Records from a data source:
◇ ◇ ◇ ◇ ◇ ◇ ◇

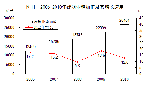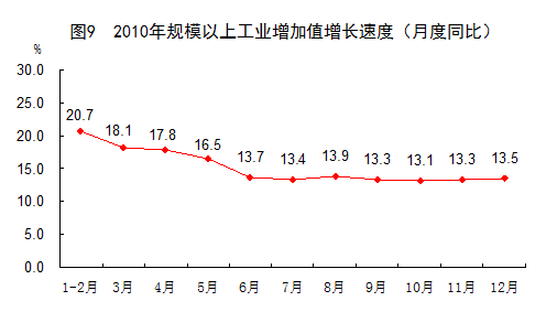 全年规模以上工业中,农副食品加工业增加值比上年增长15.0%;纺织业增长11.6%;通用设备制造业增长21.7%;专用设备制造业增长20.6%;交通运输设备制造业增长22.4%,其中汽车制造增长24.8%,铁路运输设备制造增长25.4%;通信设备、计算机及其他电子设备制造业增长16.9%;电气机械及器材制造业增长18.7%。六大高耗能行业[4]比上年增长13.5%,其中,非金属矿物制品业增长20.3%,化学原料及化学制品制造业增长15.5%,有色金属冶炼及压延加工业增长13.2%,黑色金属冶炼及压延加工业增长11.6%,电力、热力的生产和供应业增长11.0%,石油加工、炼焦及核燃料加工业增长9.6%。高技术制造业增加值比上年增长16.6%。
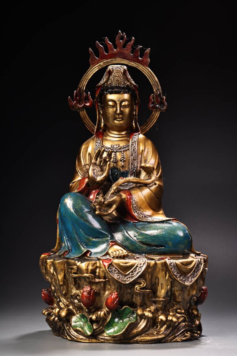 > 【超珍館蔵】銅製 描金 彩繪 觀音菩薩像 仏像 宗教 仏教古美術 供養品 古賞物 古董品 古美術品 時代物 旧家蔵出 稀少珍蔵品
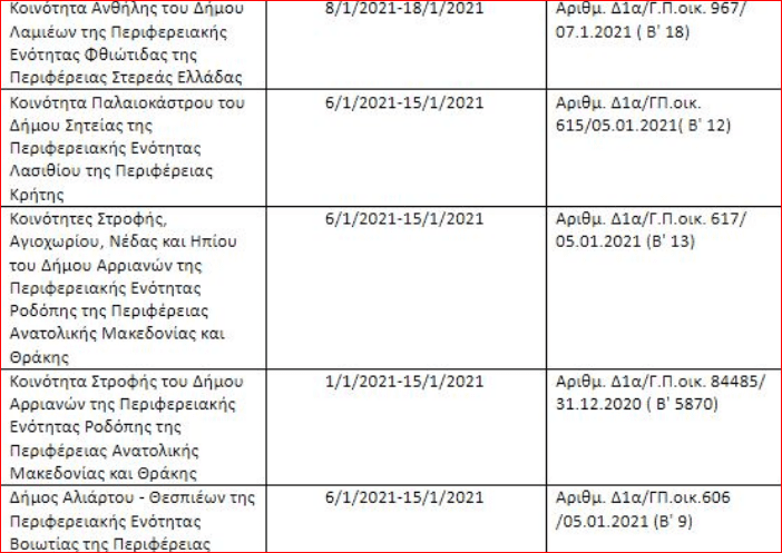 Οι δηλώσεις αναστολών συμβάσεων εργασίας εργαζομένων (και ορθές επαναλήψεις) από επιχειρήσεις – εργοδότες των οποίων η λειτουργία έχει με εντολή δημόσιας αρχής για το χρονικό διάστημα από 1/1/2021 έως και 18/1/2021, υποβάλλονται βάσει ΚΑΔ, σύμφωνα με τα ΠΑΡΑΡΤΗΜΑΤΑ Α΄ και Β΄ (επισυνάπτονται). Οι δηλώσεις αναστολών συμβάσεων εργασίας εργαζομένων (και ορθές επαναλήψεις) από επιχειρήσεις – εργοδότες που πλήττονται βάσει ΚΑΔ για το χρονικό διάστημα από 1/1/2021 έως και 31/1/2021, υποβάλλονται βάσει ΚΑΔ, σύμφωνα με το ΠΑΡΑΡΤΗΜΑ Γ΄ (επισυνάπτεται).
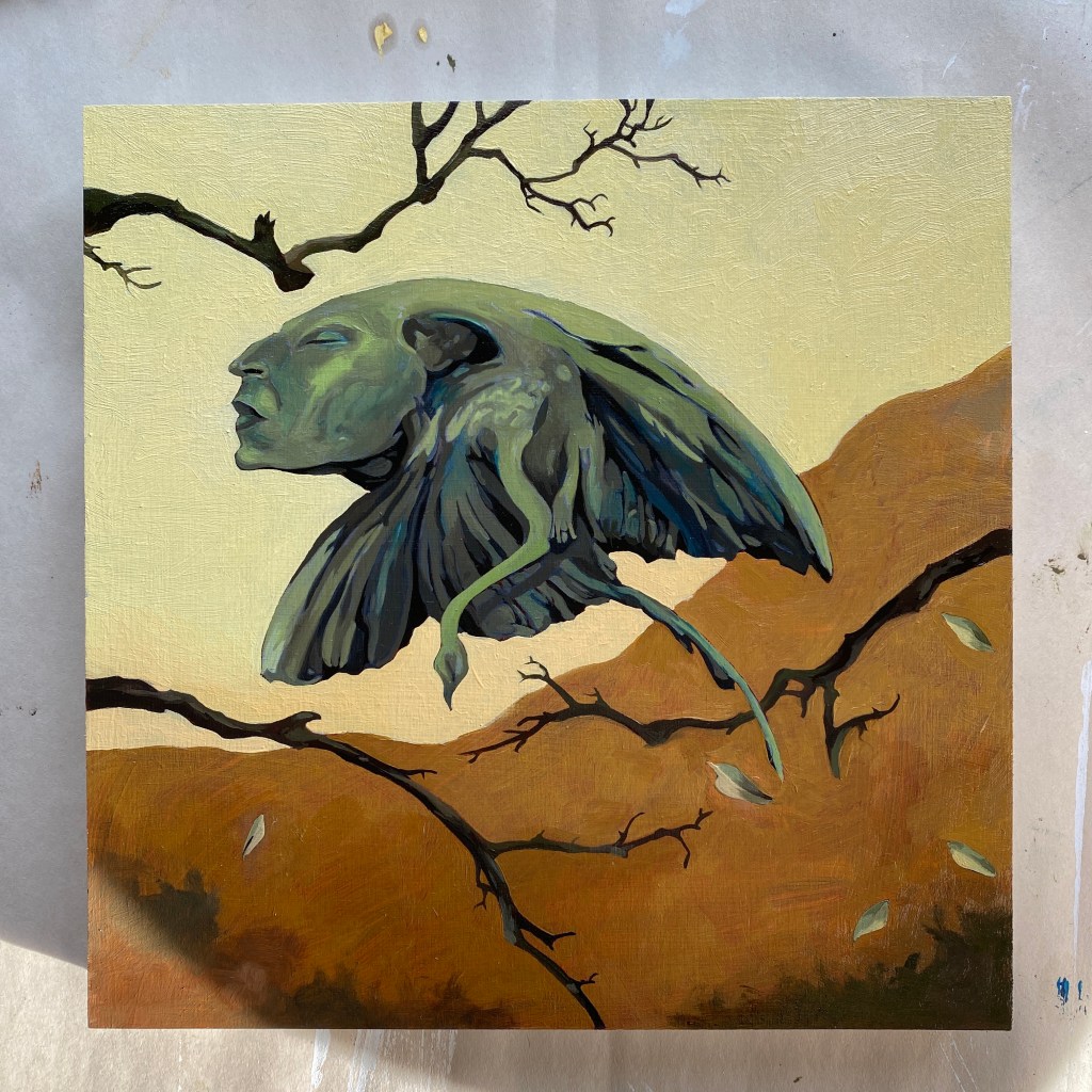 It’s been a busy week. I’ve been working steadily on Harbinger (see previous post), and on this series of oils (below). These are rough and ready iPhone images off my drawing table and once they are properly finished I’ll put some better shots on my website. Birds and flight seem to be the central theme. I hope you like these in-progress views. I’m really enjoying interspersing my other work with these color pieces. The largest, Cardinal, was actually started the summer of 2019 and had to sit in the studio for a while while I attended to other things. It’s great to finally get back to it. These works will be available for purchase once they are finished, dried and varnished.
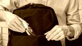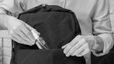 Man puts sanitizer or antiseptic, in a backpack, male hands, cropped image, close-up

◇ ◇ ◇ ◇ ◇ ◇ ◇

● **Task prompt**: Repeat exactly the lines from the one holding "時代物 旧家蔵出 稀少珍蔵品" through the last line of the entries, both included; the pictures do not belong in the copy.

● **The completed task**:
 > 【超珍館蔵】銅製 描金 彩繪 觀音菩薩像 仏像 宗教 仏教古美術 供養品 古賞物 古董品 古美術品 時代物 旧家蔵出 稀少珍蔵品
 Οι δηλώσεις αναστολών συμβάσεων εργασίας εργαζομένων (και ορθές επαναλήψεις) από επιχειρήσεις – εργοδότες των οποίων η λειτουργία έχει με εντολή δημόσιας αρχής για το χρονικό διάστημα από 1/1/2021 έως και 18/1/2021, υποβάλλονται βάσει ΚΑΔ, σύμφωνα με τα ΠΑΡΑΡΤΗΜΑΤΑ Α΄ και Β΄ (επισυνάπτονται). Οι δηλώσεις αναστολών συμβάσεων εργασίας εργαζομένων (και ορθές επαναλήψεις) από επιχειρήσεις – εργοδότες που πλήττονται βάσει ΚΑΔ για το χρονικό διάστημα από 1/1/2021 έως και 31/1/2021, υποβάλλονται βάσει ΚΑΔ, σύμφωνα με το ΠΑΡΑΡΤΗΜΑ Γ΄ (επισυνάπτεται).
 It’s been a busy week. I’ve been working steadily on Harbinger (see previous post), and on this series of oils (below). These are rough and ready iPhone images off my drawing table and once they are properly finished I’ll put some better shots on my website. Birds and flight seem to be the central theme. I hope you like these in-progress views. I’m really enjoying interspersing my other work with these color pieces. The largest, Cardinal, was actually started the summer of 2019 and had to sit in the studio for a while while I attended to other things. It’s great to finally get back to it. These works will be available for purchase once they are finished, dried and varnished.
 Man puts sanitizer or antiseptic, in a backpack, male hands, cropped image, close-up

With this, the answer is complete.